Linguistica
Download
software now (latest: v3.2, December 2003 - older versions temporarily unavailable)
John
Goldsmith (email, homepage)
Departments of Linguistics and Computer
Science
University of Chicago
What is Linguistica? (return to top)
Linguistica is a program which can be used to explore the unsupervised
learning of natural language, with primary focus on morphology, which
is to say, word-structure. It runs under Windows, and is written in C++. Its
demands on memory depend on the size of the corpus analyzed. We are currently
developing a Linux and a Macintosh version.

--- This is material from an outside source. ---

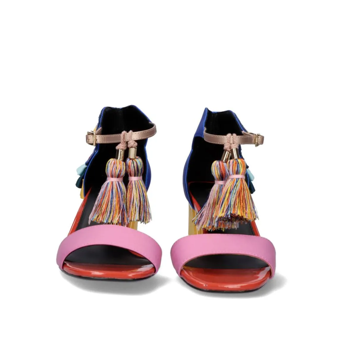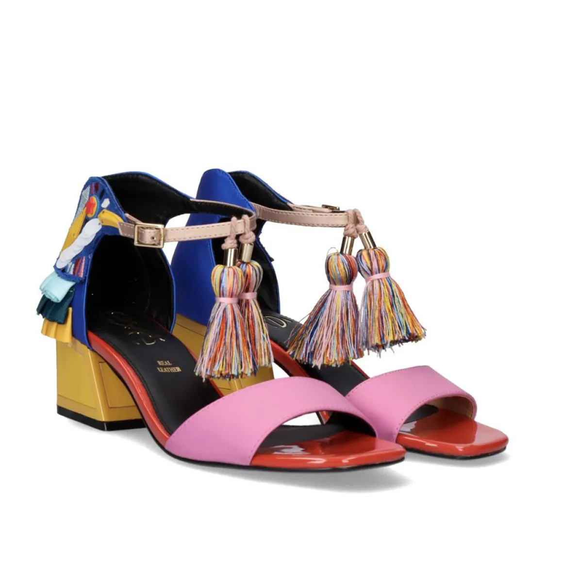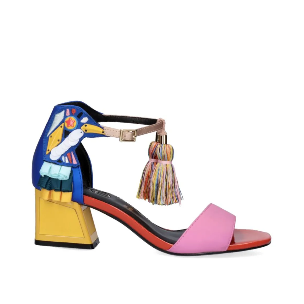 Sandalia Feita De Material Sintetico Com Salto Baixo E Fecho Da Fivela. Seus Ornamentos No Calcanhar Formam Um Papagaio E Da Faixa De Fechamento Pendura Um Tassel. Altura Do Calcanhar De 3 Cm E Palmilha De Couro.

Unsupervised learning refers to the computational task of making inferences
(or acquiring knowledge) about the structure that lies behind some set of
data without any direct access to that structure. In the case of unsupervised
learning of morphology, and the possibilities of morpheme-combinations, for
a set of words, based on no knowledge whatsoever of the language from
which the words are drawn.
Segmentation is the first task of this process: figuring out where
the morpheme breaks are in the words, and what are the stems, what are the
suffixes, and so forth. Most of Linguistica's functionality, at this point,
goes into making these decisions. It has some limited capabilities for learning
allomorphy, which is to say, the ways in which stems or affixes are
modified in particular contexts (for example, most stems that end in -e in
English will drop the -e before various vowel-initial suffixes, such as -ed,
-ing, and -ity).
This document presents a brief description of how to use the program, and
links to other documents which explain the ideas incorporated in Linguistica.
Understanding Linguistica (return to top)
This section attempts to present a bit of background about Linguistica, to
help better understand the function of the program.
Using Linguistica (return to
top)
First, a couple of things to note.
How
to Begin
The first operation is to read in a corpus, or a part of a corpus. The default
setting for Linguistica's corpus input is 5,000 words: this is the number
of words from a corpus that the program will read. If you wish to change this
setting, select "Words requested" in the Lower Tree on the left.
A pop-up window will appear in which you can specify a different number of
words to be read from the corpus. This number refers to the total number of
word (tokens) read, not word types.
To read a corpus, click on the third menu item, "Reading", and then click on "Read corpus". A window will appear in which you identify the location of the text file (not a word processor document) which you wish to read. If you have already run Linguistica and have previously read in a corpus, it will remember the location of the file, and you can simply click "Reread corpus" to reread the same old corpus. Shortcut key: Type Control-D to reread the same corpus.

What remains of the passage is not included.